RBA Boosts Capital From Earnings On Interest Rate Risk; Govt Dividend Sacrificed

By Sophia Rodrigues

(Sydney, September 17, 2021)—For the first time since 2016, the Reserve Bank of Australia appears to have retained all or a portion of its earnings available for distribution to government, a move that may be aimed at boosting capacity to absorb any future losses from its large bond purchases.

The RBA’s balance sheet as of September 15 showed a rise of A$1.247 billion in Capital and Reserve Bank Reserve Fund (RBRF) to A$15.406 billion, marking the first such increase since the A$1.39 billion rise in October 2016.

The RBRF is the RBA’s general reserve and is essentially its capital. It is funded from transfers from earnings available for distribution and its purpose is to provide the capacity to absorb losses when it is necessary to do so.

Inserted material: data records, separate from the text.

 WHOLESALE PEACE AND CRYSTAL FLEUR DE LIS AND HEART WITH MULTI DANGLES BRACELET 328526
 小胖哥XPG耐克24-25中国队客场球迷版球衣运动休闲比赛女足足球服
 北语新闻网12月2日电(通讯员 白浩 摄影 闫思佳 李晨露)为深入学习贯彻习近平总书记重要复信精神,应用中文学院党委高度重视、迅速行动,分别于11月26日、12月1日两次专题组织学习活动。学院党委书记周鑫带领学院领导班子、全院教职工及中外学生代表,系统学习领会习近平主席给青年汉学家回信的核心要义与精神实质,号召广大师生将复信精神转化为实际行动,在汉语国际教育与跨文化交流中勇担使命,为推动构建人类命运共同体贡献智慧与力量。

The RBRF saw a big boost of A$8.8 billion in 2014 as rise in exchange rate in 2009-10 and 2010-11 led to large valuation losses and depleted the fund. The RBA had begun to the rebuild the reserve since then but because it was likely to take a long time, the then-Treasurer granted A$8.8 billion to boost the RBRF.

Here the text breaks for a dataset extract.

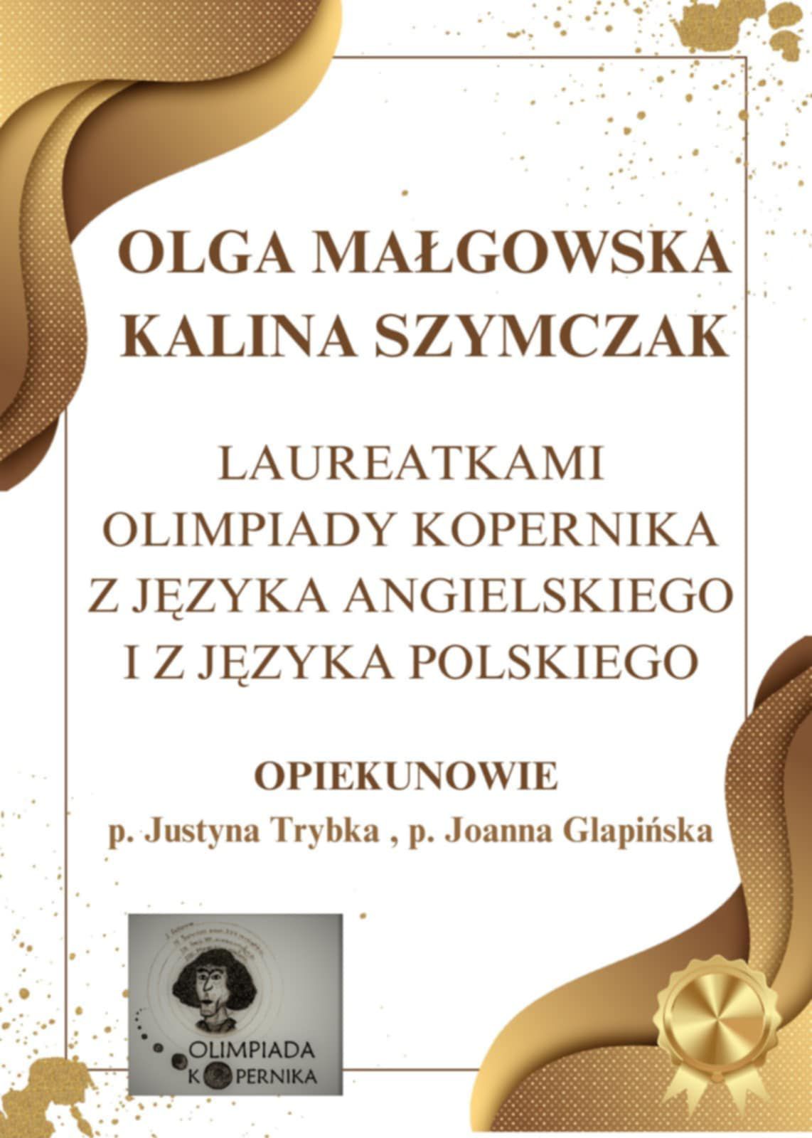 Dnia 18.03.2025 r. przeprowadzony został w I LO w Lubinie etap ustny Olimpiady Kopernika z Języka Angielskiego i z Języka Polskiego. Po podliczeniu wyników z etapu II (pisemnego) i etapu III (ustnego) ostatecznie wyłoniono laureatów, wśród których znalazły się dwie nasze uczennice. Z języka angielskiego naszą szkołę reprezentowała Olga Małgowska z kl. VIIId, a z języka polskiego Kalina Szymczak z kl. VIIIb. Serdecznie gratulujemy laureatkom oraz ich opiekunom - Pani Justynie Trybce i Pani Joannie Glapińskiej. Ogromnie cieszymy się Waszym sukcesem!

In 2015, the fund was boosted by A$1.57 billion from a transfer of earnings meant for distribution to government. The reason was again an appreciation in the Australian dollar which left the RBRF at a at a lower-than-prudent level.

In 2016, once again the fund was increased by A$1.39 billion from earnings available for distribution because of rise in the RBA’s assets at risk. Back then, the RBA had set a target for capital of 15% of its assets at risk.

In 2016-17, the RBA board reviewed the framework for its capital and decided to adopt an approach more reflective of the risks on the balance sheet, and this resulted in replacement of target based on assets at rick to target based on assigning capital charges to different classes of assets.

“These charges reflect an assessment of the respective risks of these assets, mainly foreign exchange and interest rate risk,” the RBA said.

In the latest 2020-21 year, the RBA’s outright holdings of domestic government rose sharply due to its bond purchase program and in support of the yield target, resulting in a rise in interest rate risk.

The prior year 2019-20 also saw a rise in interest rate risk due to the large increase in government bond purchases but the RBA viewed the risk of a large rise in bond yields in the period ahead as low. This, and the fact that the capital position was strong, meant it saw no need to boost its RBRF.  So the entire earnings of A$2.57 billion was paid as dividend to the government.

It is likely this time the RBA has judged a need to increase RBRF because its bond holdings is more than double from last year, and its conviction about rise in bond yields would be lower than the year before.

Treasurer Josh Frydenberg appears to have agreed.

The RBA could not be reached for comment or to confirm, so CB-Intel has relied on its understanding and available resources for this story.